The wrongness I’ve been sensing for days hasn’t faded. If anything, it’s grown stronger.

I’ve watched these waters for years. Learned their rhythms. The way currents shift with the tide, the way temperature changes signal depth variations, the subtle signs that warn of danger or promise safety.

The waves against the cliffs sound muted, dampened. The seabirds that normally scream through the darkness are silent.

We destroyed Oreth. Scattered his curse. But the gold that created him came from somewhere. The ancient treasurypredated his rise. And whatever was old enough to create that curse might be old enough to notice its destruction.

The Wrecktide feels different now. Watching. Waiting.
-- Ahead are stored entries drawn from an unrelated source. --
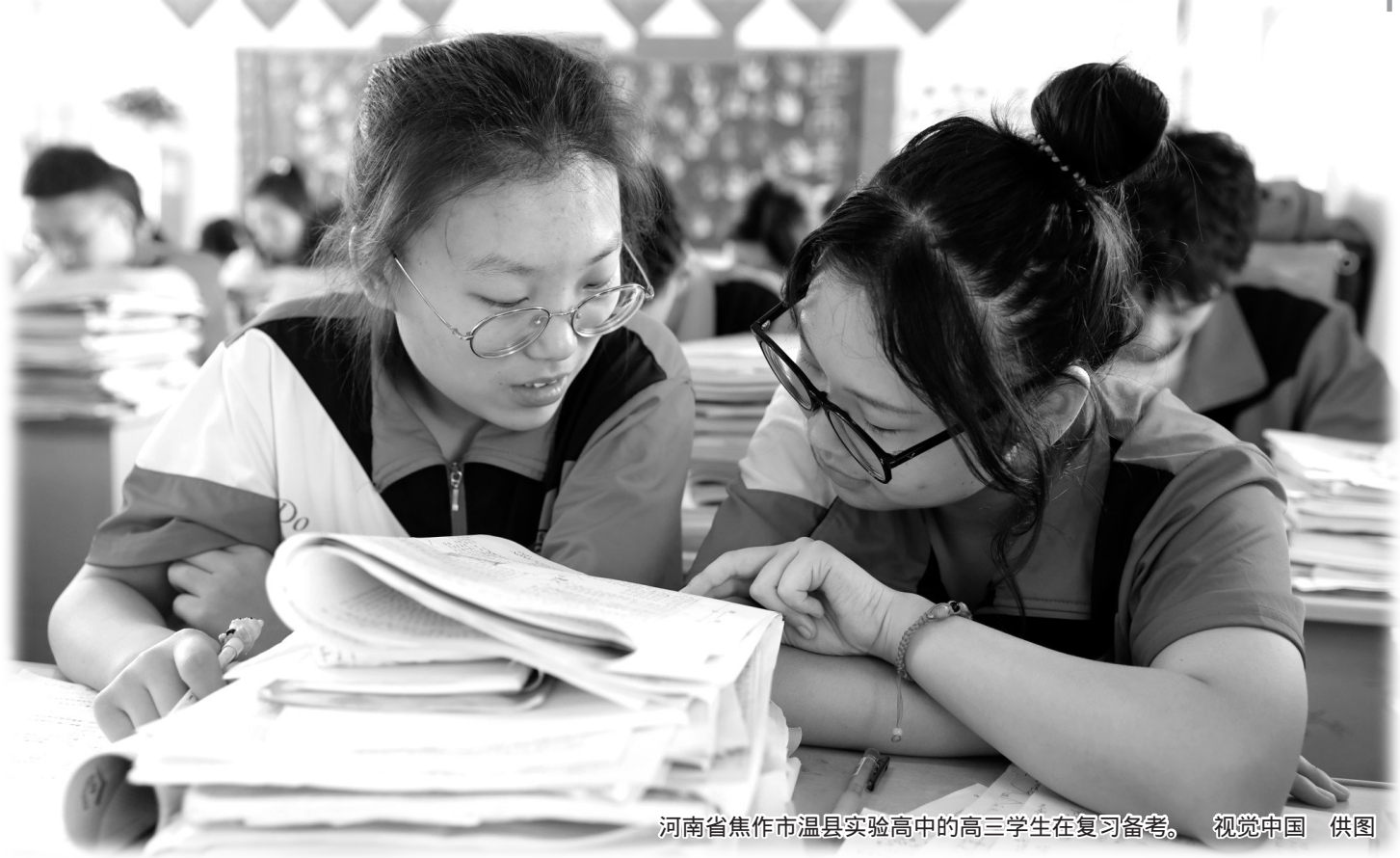
河南省焦作市温县实验高中的高三学生在复习备考。
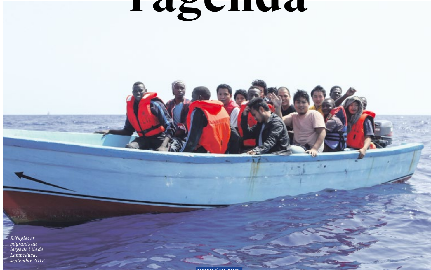
Refugiés et migrants au large de l'île de Lampedusa, septembre 2017
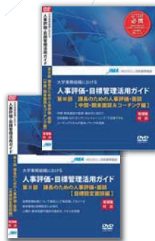
課長のための人事評価・面談 —目標設定面談編
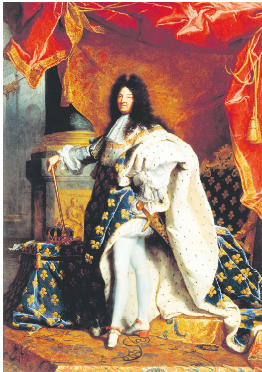
法兰西太阳王路易十四(画家亚森特·里戈,于1700年至1701年画作)

白晋在1697年3月抵达法国的布莱斯特港(Brest),一个月后得到路易十四国王的接见,并呈上来自中国皇帝的礼物,其中包括数十套供法兰西皇家图书馆(Bibliothèque
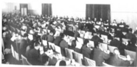
中共十一届三中全会会场

我国的经济体制改革在经历了 80 年代初以农村改革为重点的第一阶段,和 80 年代中后期以城市为重点、城乡联动和全面改革以来,以中国共产党十四大为标志,改革进入了新阶段。
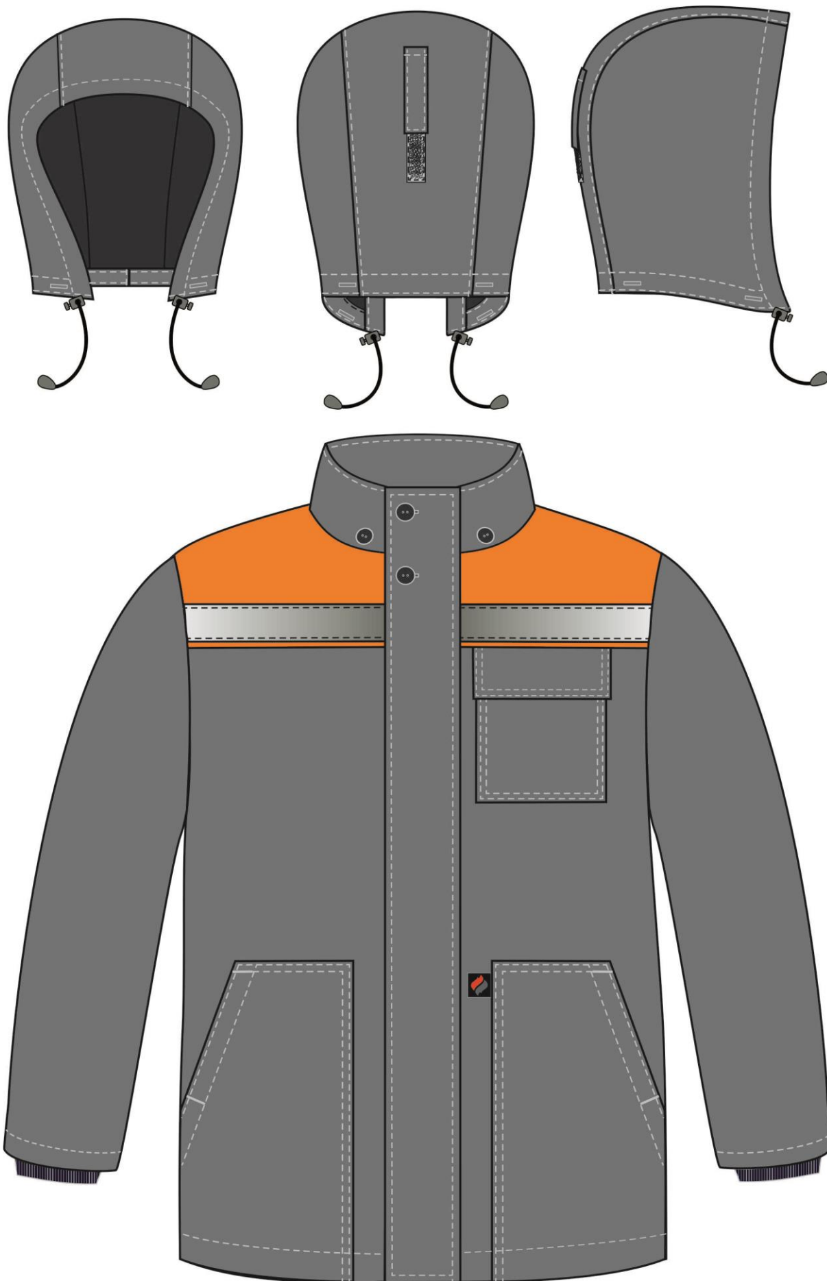
Рис. 3. Эскиз Костюм зимний Партнер NEW (тк.Смесовая,210) п/к, т.серый/оранжевый. Куртка, вид спереди
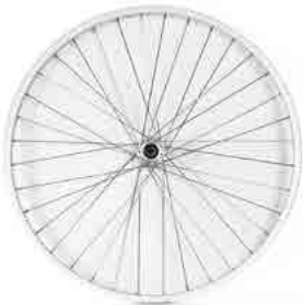
// LIF080317 Antriebsrad, Universal, 36 Speichen, kreuzförmig verspeicht
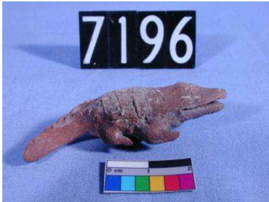
Obr. 2.5 UC 7196 ( http://petriecat.museums.ucl.ac.uk )
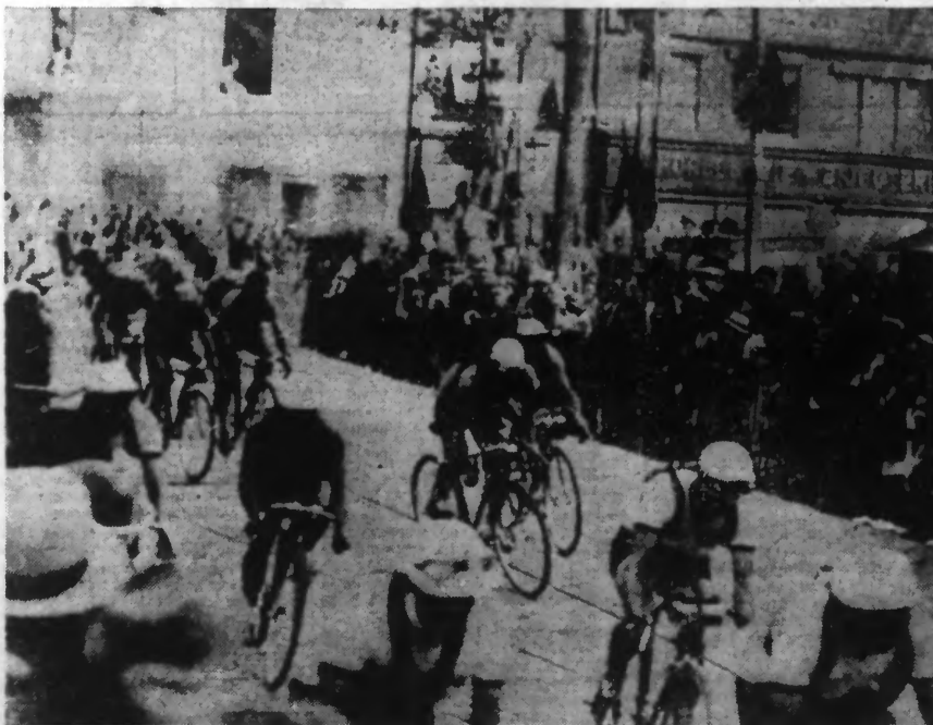
LE GROUPE DE COUREURS DANS LA TRAVERSE DE BESANÇON.

(LIRE LE COMPTE RENDU DE NOTRE ENVOYÉ SPÉCIAL EN « SPORTS »).
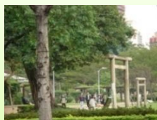
史跡價值處處可見

The thought surfaces from somewhere deep—instinct or paranoia, I can’t tell which.

Behind me, a door opens. Soft footsteps cross the stone.

“You should be sleeping.” Aviora’s voice is quiet in the darkness.

“So should you.”

She moves to stand beside me, close enough that our shoulders brush. Her gaze follows mine to the water.

“It feels wrong.” Not a question. She senses it too.

“The curse is gone.”

“Yes.” She pauses. “But I don’t think we’re alone out there.”

We stand in the starlight, watching waters that have claimed more lives than any reef or storm alone could explain.

A few days. Fifty-five thousand gold. And the growing certainty that destroying Oreth was only the beginning.

TWENTY-ONE

AVIORA

Dawn breaks gray and cold over Dreadhaven.

I stand at the harbor quay, checking dive lines for the third time. The repaired equipment passed inspection last night, but my hands need occupation while my mind runs through calculations I’ve already finished. Depth estimates. Current patterns. The mathematics of pulling gold from water that doesn’t want to give anything back.

Gyla’s ships sit at anchor fifty yards out, their lanterns still burning in the pre-dawn murk. Watching. Waiting. The silk dress she sent hangs in Zoric’s quarters—a reminder of what happens if we fail.

Two days left.

The thought settles in my chest, heavy and cold. Even with every wreck I’ve identified, even with optimal conditions and zero complications, the numbers barely work.

“Ready?”

Zoric’s voice comes from behind me. I don’t turn—don’t need to. I’ve learned his footsteps over the past few days, the particular rhythm of his gait on stone. My body recognizes him before my mind catches up.